Essa narrativa da escola como igualdade de oportunidades, embora ainda corrente, sofreu um grande revés a partir da difusão das teorias crítico-reprodutivistas que passaram a conceber a escola como mais um mecanismo de perpetuação e legitimação das desigualdades. A herança cultural de uma classe transforma-se em um “capital escolar” que rende aos privilegiados o supremo privilégio de ocultar a fonte de sua distinção. A escola não seria a instituição promotora da igualdade de oportunidades, mas a principal fonte legitimadora das desigualdades sociais e econômicas.

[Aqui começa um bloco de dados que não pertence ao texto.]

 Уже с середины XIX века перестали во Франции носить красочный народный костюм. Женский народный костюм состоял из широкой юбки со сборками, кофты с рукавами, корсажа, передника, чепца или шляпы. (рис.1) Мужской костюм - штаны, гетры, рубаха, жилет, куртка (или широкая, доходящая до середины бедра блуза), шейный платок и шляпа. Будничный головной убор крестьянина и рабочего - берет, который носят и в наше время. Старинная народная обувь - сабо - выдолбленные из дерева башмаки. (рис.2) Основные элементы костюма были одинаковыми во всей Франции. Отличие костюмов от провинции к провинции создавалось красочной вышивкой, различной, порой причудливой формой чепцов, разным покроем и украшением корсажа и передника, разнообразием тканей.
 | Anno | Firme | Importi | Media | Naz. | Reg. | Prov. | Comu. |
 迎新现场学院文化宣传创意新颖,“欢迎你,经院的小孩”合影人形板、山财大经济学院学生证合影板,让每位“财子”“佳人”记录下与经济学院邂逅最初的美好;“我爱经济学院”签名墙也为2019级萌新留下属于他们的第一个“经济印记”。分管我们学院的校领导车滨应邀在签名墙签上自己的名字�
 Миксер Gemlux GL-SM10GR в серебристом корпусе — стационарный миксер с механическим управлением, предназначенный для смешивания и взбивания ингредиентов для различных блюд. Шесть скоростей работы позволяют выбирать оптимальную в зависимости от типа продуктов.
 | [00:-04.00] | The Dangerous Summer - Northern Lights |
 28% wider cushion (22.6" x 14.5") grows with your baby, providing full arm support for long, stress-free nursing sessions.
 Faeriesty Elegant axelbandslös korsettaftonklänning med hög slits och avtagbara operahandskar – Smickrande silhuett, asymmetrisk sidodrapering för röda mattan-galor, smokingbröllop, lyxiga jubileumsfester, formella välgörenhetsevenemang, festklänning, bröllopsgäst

Nessa perspectiva, ela só poderia realizar seu compromisso com a igualdade na medida em que fosse capaz de criar mecanismos que suprimissem – ou ao menos atenuassem – as desigualdades sociais e econômicas que condicionam o desempenho desigual de seus alunos e os efeitos dessa desigualdade na distribuição social dos indivíduos que as frequentam. Uma tarefa que, na experiência brasileira, marcada pela cisão entre escolas públicas e escolas privadas, pareceria ser simplesmente inexequível. É em meio a esse debate acerca dos limites da escola em seu compromisso com a igualdade que as reflexões do filósofo Jacques Rancière trazem à luz uma nova perspectiva.

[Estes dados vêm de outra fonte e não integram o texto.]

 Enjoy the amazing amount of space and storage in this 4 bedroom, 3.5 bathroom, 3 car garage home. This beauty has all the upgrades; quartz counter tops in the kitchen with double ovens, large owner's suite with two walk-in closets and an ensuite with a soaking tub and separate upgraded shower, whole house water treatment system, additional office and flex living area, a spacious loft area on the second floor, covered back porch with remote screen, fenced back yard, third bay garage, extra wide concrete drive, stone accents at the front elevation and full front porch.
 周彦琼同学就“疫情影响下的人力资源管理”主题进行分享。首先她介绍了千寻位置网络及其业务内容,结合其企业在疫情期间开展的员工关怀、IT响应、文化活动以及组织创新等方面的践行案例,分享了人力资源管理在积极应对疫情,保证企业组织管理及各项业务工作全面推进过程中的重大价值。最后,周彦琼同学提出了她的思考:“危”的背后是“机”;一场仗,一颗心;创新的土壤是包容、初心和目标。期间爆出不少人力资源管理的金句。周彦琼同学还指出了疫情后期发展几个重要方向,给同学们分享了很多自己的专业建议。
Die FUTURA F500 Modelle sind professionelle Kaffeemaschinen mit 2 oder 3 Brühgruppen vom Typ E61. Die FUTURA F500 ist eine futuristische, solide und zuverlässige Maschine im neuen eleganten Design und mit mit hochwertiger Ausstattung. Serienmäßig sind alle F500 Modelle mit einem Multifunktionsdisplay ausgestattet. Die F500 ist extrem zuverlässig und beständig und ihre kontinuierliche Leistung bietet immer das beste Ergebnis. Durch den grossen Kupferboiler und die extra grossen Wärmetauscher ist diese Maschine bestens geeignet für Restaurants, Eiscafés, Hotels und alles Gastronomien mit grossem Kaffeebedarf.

Segundo ele, a escola não deve ser pensada como um elemento de preparação para a igualdade futura, mas como um local da potencial experiência da igualdade fincada no presente. Para Rancière, tanto o discurso liberal como o crítico-reprodutivista assumem o postulado da desigualdade, embora um procure justificá-la, enquanto o outro busca atenuá-la ou superá-la. Em franca oposição a essas duas formas de pensar a natureza do compromisso da escola com a igualdade, o filósofo franco-argelino afirma que a forma escolar nasce e se justifica como um modo de atestar e de verificar a igualdade de todos os humanos, e não como instrumento de superação de uma desigualdade já postulada de antemão.

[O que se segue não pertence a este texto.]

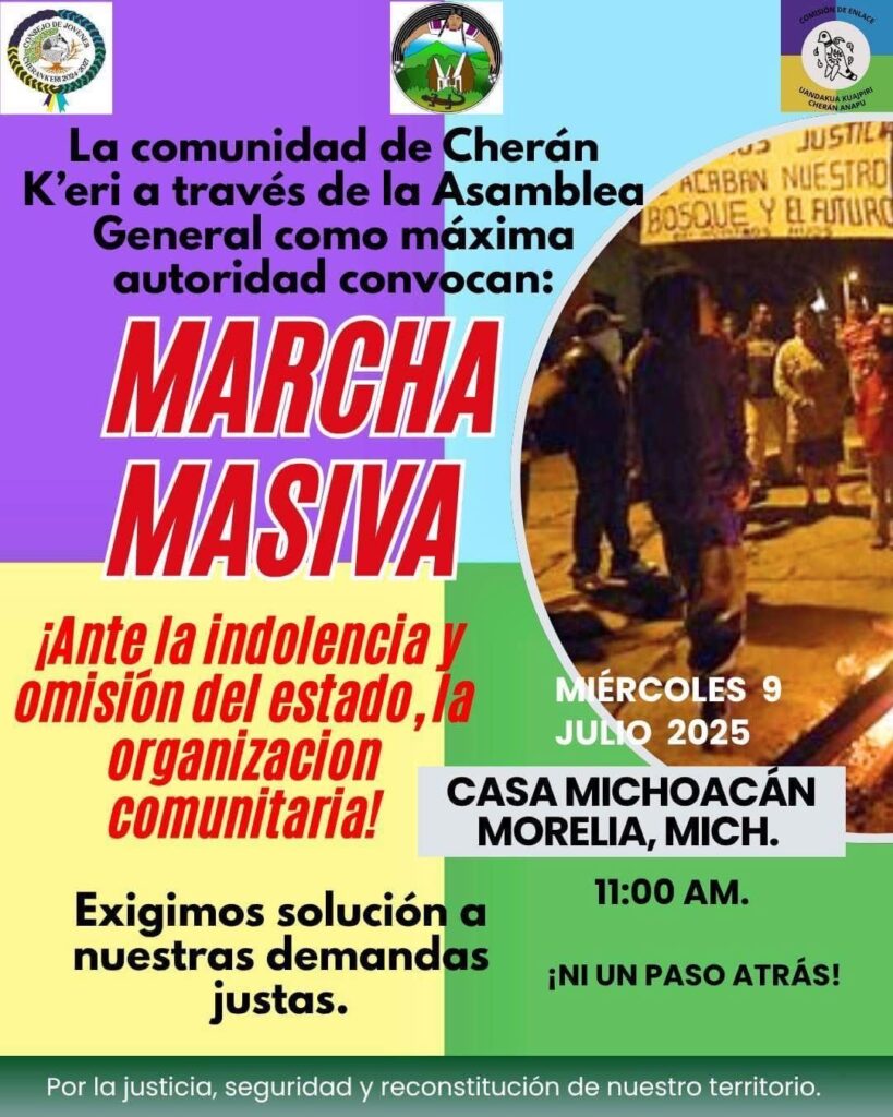 De acuerdo con la Asamblea General de la comunidad de Cherán K’eri, como máximo órgano de gobierno, la manifestación de este miércoles tiene como objetivo poner de relieve la indolencia y omisión del gobierno y exigir solución a las demandas de la población.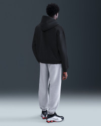 Bring a touch of luxury to your casual, cool-weather layers with this warm and structured hoodie. It's crafted with a heavyweight brushed fleece that feels plush on the inside and smooth on the outside. Benefits - Loose fit feels roomy through the body. - Single-panel, lined hood is equipped with a drawcord for adjusting the fit. Product Details - Embroidered Nike Swoosh logo - Divided kangaroo pocket - Two-way zipper - Ribbed openings - Body: 84-85% cotton/15-16% polyester. Hood lining: 84-85% /cotton/15-16% polyester. - Material percentages may vary. Check label for actual content. - Machine wash - Imported - Shown: Black/Black/White - Style: HV1084-010 SIZE & FIT Model is wearing size M and is 6′1″185cm Loose fit: roomy and relaxed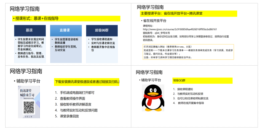 2、为了达到较好的学习指导效果,采用录播课+在线指导(适当采用直播教学)相配合的方式开展教学指导。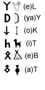 Gök veya Kök kelimesindeki sembol K nın simetrisi de olabilir. Bu durumda ortaya kuş şeklinde bir piktogram çıkar ki, bu da okuma bilmese bile kişinin “kuş“ aradığını karşıdakinin anlamasına yardımcı olur.

Essa igualdade não é econômica ou social, mas fundamentalmente política. Ela diz respeito à própria ideia de criação de um tempo e de um espaço de formação comum a todos; que suspenda as desigualdades exteriores e libere aqueles que estariam presos à luta pela produção da subsistência para se encontrarem com seus iguais mediados por objetos da inteligência humana. Mas ela tem a ver também com o postulado da igual capacidade de todos os humanos de se tornarem seres dotados de linguagem, de serem capazes não só de expressar suas necessidades como de exprimir o que lhes parece ser justo ou injusto; belo ou feio; bom ou mau. Nesse sentido, o compromisso da escola com a igualdade não se realiza em um futuro distante e fora dela, mas na própria experiência escolar de reconhecer cada aluno como um sujeito dotado de linguagem, de capacidade de compreensão e ajuizamento. Um igual entre iguais; uma igualdade ontológica que não depende de desempenho nem de consequências futuras.